Supplied data ▸
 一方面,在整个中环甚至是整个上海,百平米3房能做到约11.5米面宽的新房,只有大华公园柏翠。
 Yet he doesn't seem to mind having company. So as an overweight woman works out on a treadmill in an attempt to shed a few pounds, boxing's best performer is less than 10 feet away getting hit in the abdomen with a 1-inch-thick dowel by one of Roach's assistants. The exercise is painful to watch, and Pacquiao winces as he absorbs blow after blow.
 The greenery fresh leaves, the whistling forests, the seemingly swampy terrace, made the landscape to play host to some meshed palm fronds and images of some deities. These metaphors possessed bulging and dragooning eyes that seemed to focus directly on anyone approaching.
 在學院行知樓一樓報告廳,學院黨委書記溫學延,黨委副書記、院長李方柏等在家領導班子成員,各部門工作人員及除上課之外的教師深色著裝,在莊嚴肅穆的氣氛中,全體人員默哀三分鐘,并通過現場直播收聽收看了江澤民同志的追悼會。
...
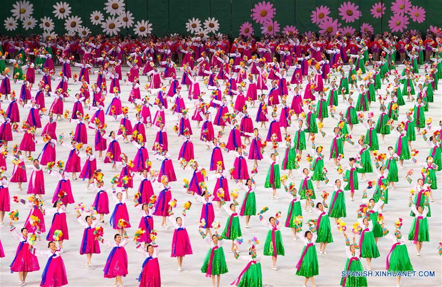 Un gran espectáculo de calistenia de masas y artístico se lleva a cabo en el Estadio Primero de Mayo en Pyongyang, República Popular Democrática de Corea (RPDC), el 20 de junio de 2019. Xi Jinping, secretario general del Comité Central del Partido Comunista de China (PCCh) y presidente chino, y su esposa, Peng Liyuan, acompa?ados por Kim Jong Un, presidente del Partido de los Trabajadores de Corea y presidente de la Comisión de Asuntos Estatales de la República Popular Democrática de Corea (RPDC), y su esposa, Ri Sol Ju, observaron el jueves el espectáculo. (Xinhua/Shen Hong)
--
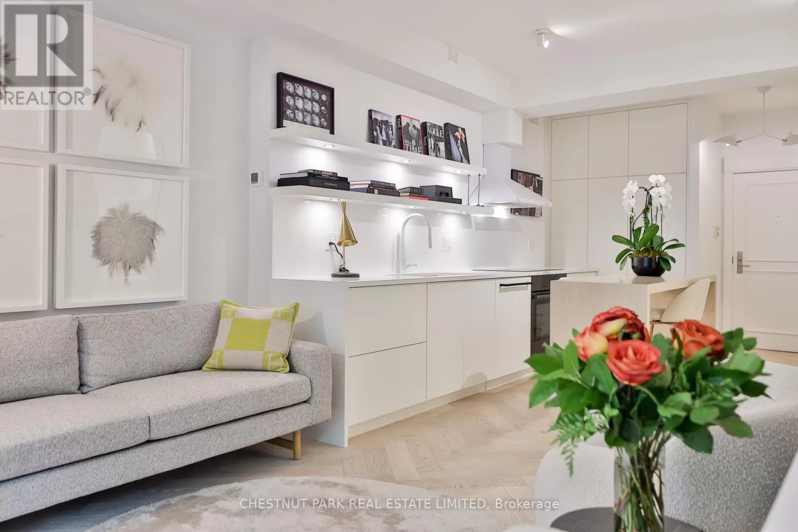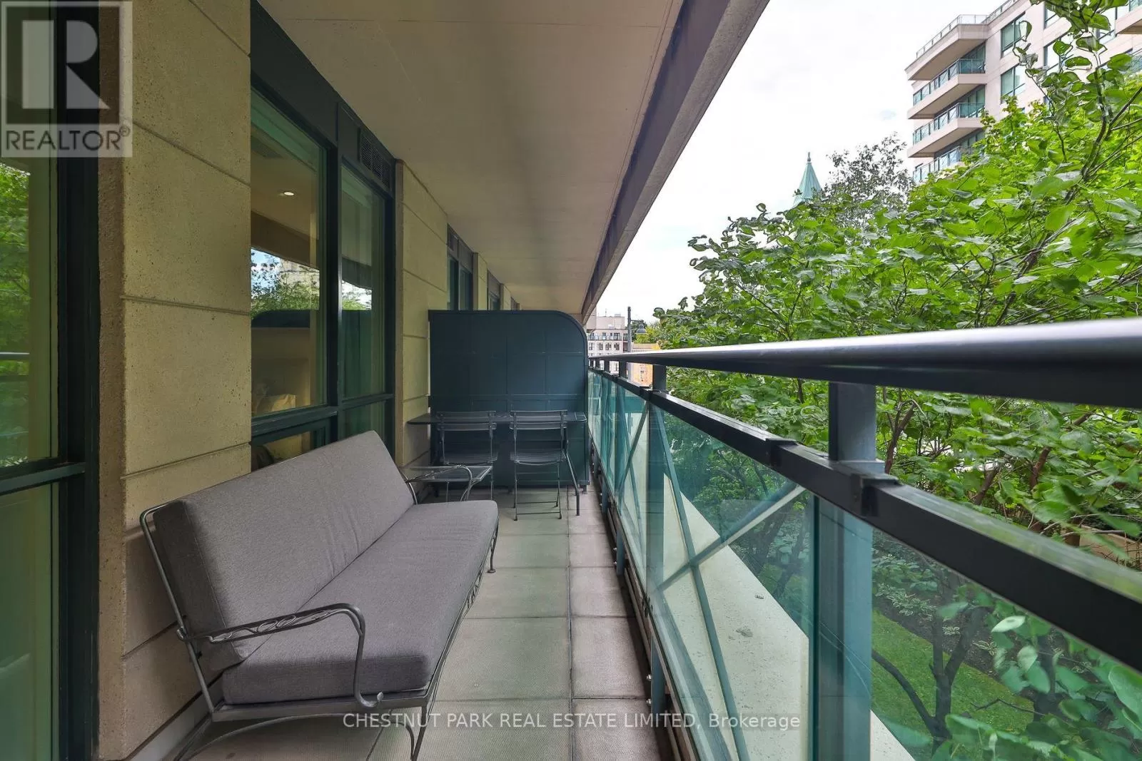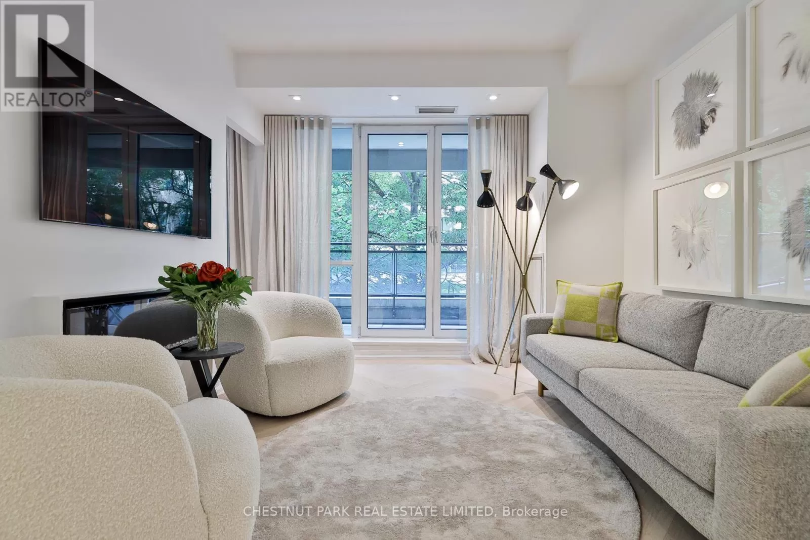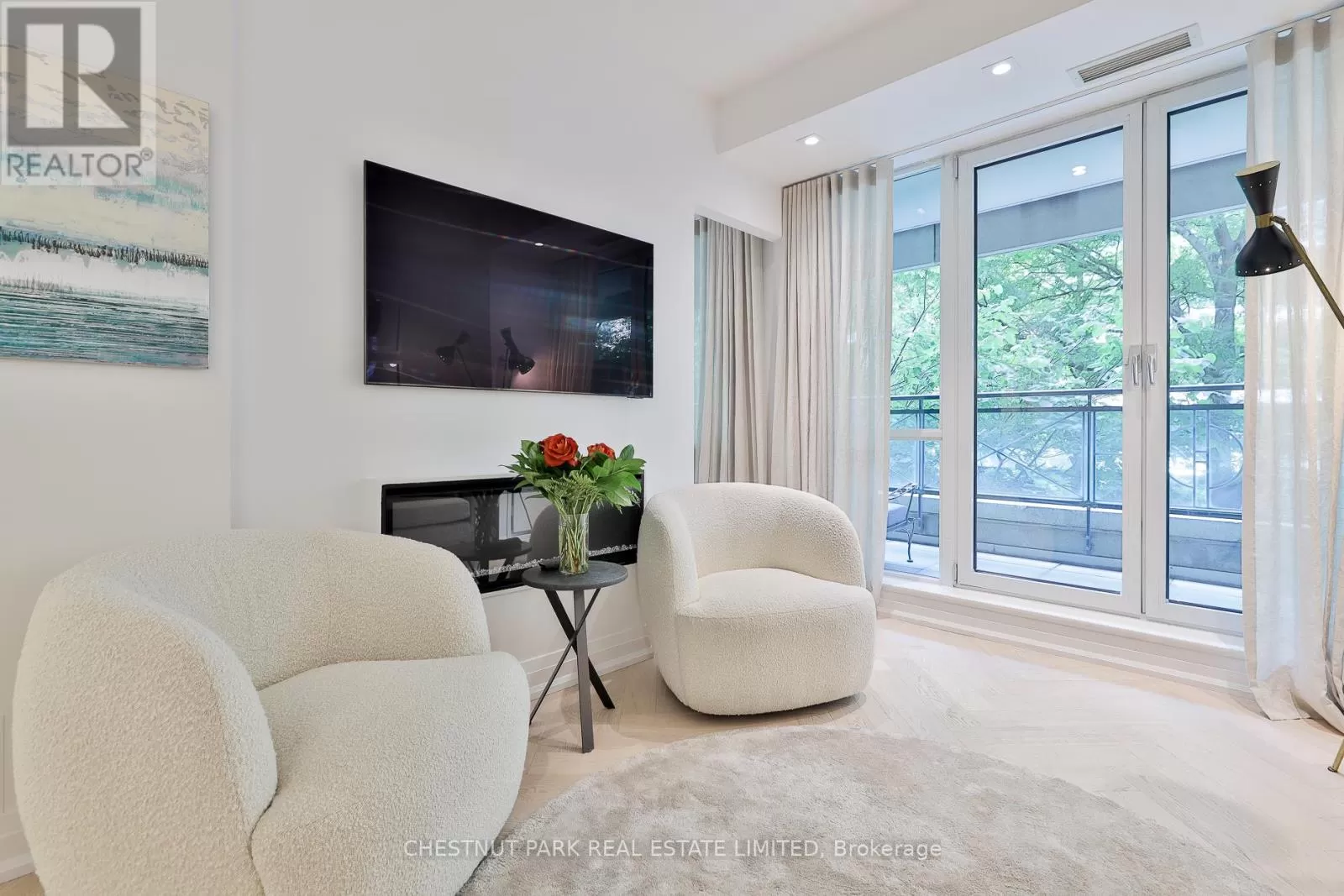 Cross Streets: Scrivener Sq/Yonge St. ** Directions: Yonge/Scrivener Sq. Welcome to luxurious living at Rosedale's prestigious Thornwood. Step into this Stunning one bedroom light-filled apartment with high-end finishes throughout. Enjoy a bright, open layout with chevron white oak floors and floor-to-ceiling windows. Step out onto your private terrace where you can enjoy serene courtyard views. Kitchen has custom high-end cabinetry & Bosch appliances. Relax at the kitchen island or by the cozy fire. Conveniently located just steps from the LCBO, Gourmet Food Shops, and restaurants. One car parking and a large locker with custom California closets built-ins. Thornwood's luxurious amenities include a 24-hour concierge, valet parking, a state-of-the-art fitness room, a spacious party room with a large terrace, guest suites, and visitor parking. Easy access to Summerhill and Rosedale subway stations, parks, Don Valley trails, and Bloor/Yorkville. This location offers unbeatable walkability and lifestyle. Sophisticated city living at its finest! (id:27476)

What is required ▸ Take the lines above from the one containing "一方面,在整个中环甚至是整个" to the one containing "Yet he doesn't" and retype them exactly, both ends included, with nothing added.

Completed task ▸
 一方面,在整个中环甚至是整个上海,百平米3房能做到约11.5米面宽的新房,只有大华公园柏翠。
 Yet he doesn't seem to mind having company. So as an overweight woman works out on a treadmill in an attempt to shed a few pounds, boxing's best performer is less than 10 feet away getting hit in the abdomen with a 1-inch-thick dowel by one of Roach's assistants. The exercise is painful to watch, and Pacquiao winces as he absorbs blow after blow.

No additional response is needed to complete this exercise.